O lado austero de um operário da pintura deslumbrado com os florentinos e os metafísicos italianos convive na mostra com o sofisticado pintor que adota uma paleta mais viva e ousada, especialmente dos 1930 em diante, quando descobre a pintura popular (e o erudito Ernesto de Fiori). Foi um desafio para os curadores da mostra optar por essa orientação cronológica, considerando que a evolução de Volpi está longe de ser linear e, muito menos, submissa a teorias – Aracy Amaral conta que, ao organizar sua retrospectiva no MAM do Rio, em 1972, ele se recusou a ler o texto do catálogo por considerá-lo “muito longo”.

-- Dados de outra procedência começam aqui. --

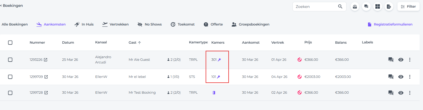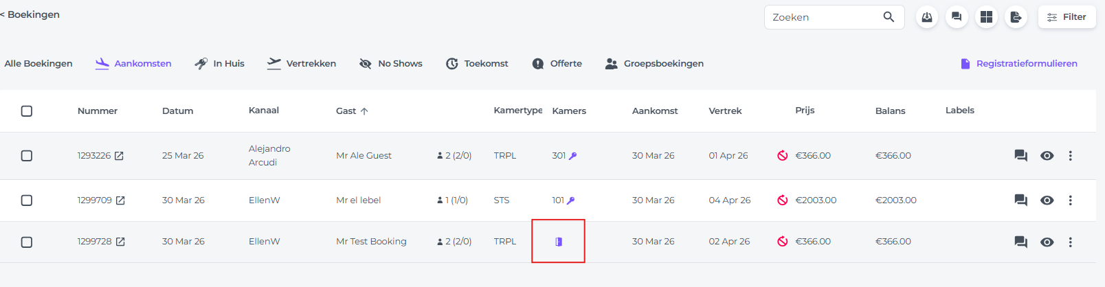 - Kies in het hoofdmenu de optie Boekingen en klik op het tabblad Aankomsten: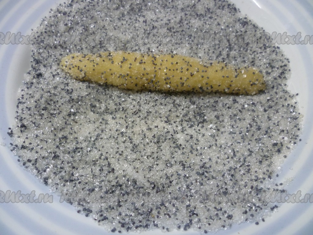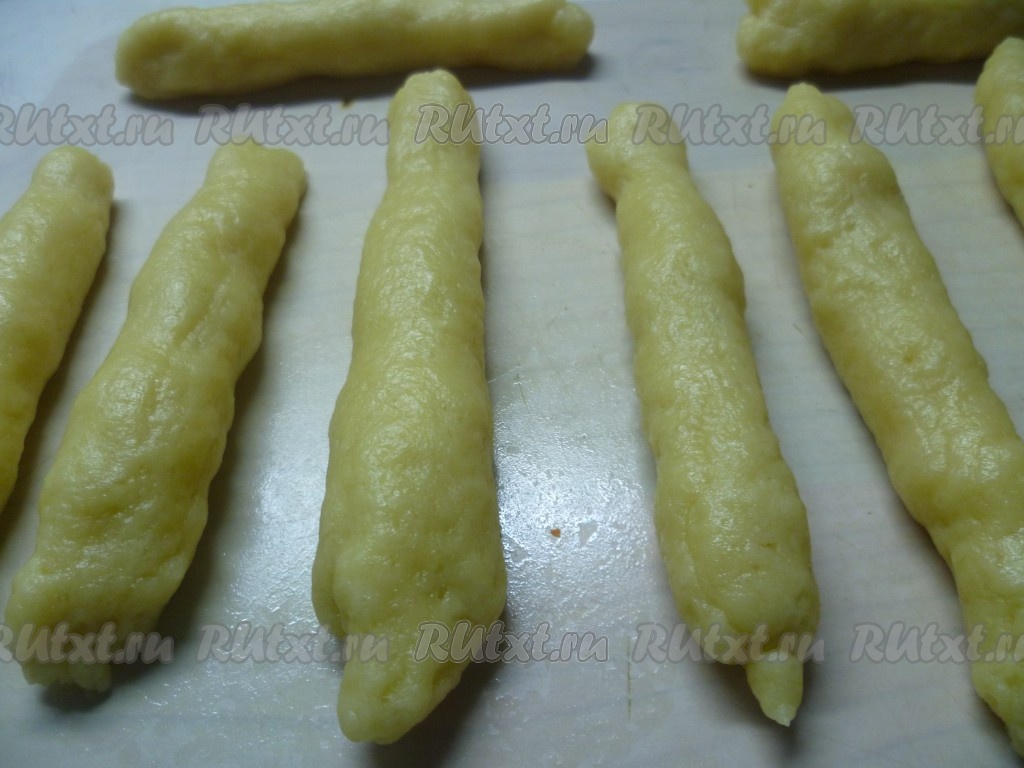 Сформировать из теста палочки, зауженные по краям, длиной примерно 10 см и толщиной - 1 см.

Volpi, portanto, realizou a síntese entre figuração e abstração sem recorrer a tratados acadêmicos, usando apenas seu dom, sua inteligência visual e a capacidade de assimilar as lições dos mestres. Não foi um naïf moderno, como Henri Rousseau (1844-1910). Foi um formalista lírico que veio ao mundo para ordenar sua bagunça e provar que, na tela, o que vale é a boa pintura, não a teoria.
Mostra inglesa. Aberta no dia 11, a primeira individual de Alfredo Volpi em Londres, na galeria Cecilia Brunson Projects, reúne 32 pinturas que sintetizam sua trajetória, desde as telas figurativas dos anos 1940 aos trabalhos dos anos 1980, último período de sua extensa produção (mais de 2.600 obras). Uma iniciativa da galeria inglesa em associação com a galeria paulistana Almeida e Dale, a exposição Alfredo Volpi: At the Crossroads of Brazilian Modern Art tem curadoria do crítico anglo-brasileiro Michael Asbury, também autor do texto do catálogo que acompanha a mostra, em cartaz até 29 de julho.
Asbury, ao especular a razão de Herbert Read ter se interessado e defendido a premiação da Volpi na 2ª. Bienal de São Paulo, em 1953, dividindo o prêmio com Di Cavalcanti, imagina que o crítico inglês o tenha associado ao pintor naïf Alfred Wallis (1855-1942), descoberto por Ben Nicholson em 1928, em Cornish, uma aldeia de pescadores. Pode ser, embora o próprio Asbury considere reducionista a comparação de Wallis com Volpi.
Parece evidente que Volpi nunca foi naïf. Um texto do crítico Mário Pedrosa, publicado em 1957 e reproduzido no catálogo, afirma, de modo categórico, que Volpi não era “ingênuo” nem “primitivo”, mas um homem simples com “humildade artesanal” e “profunda sabedoria pictórica”. Pedrosa lembra como Volpi corria atrás de informações que não teve na escola, ao viajar até Pádua para ver as pinturas de Giotto na Cappella degli Scrovegni, ou até a Toscana para ver os afrescos de Piero della Francesca em Arezzo.
O curador Asbury cita dois críticos atuantes no Brasil, Rodrigo Naves e Lorenzo Mammì, para mostrar que Volpi também teve contato com eventos históricos do modernismo brasileiro – ele esteve na polêmica mostra expressionista de Anita Malfatti, em 1917, além de ter sido influenciado por Goeldi.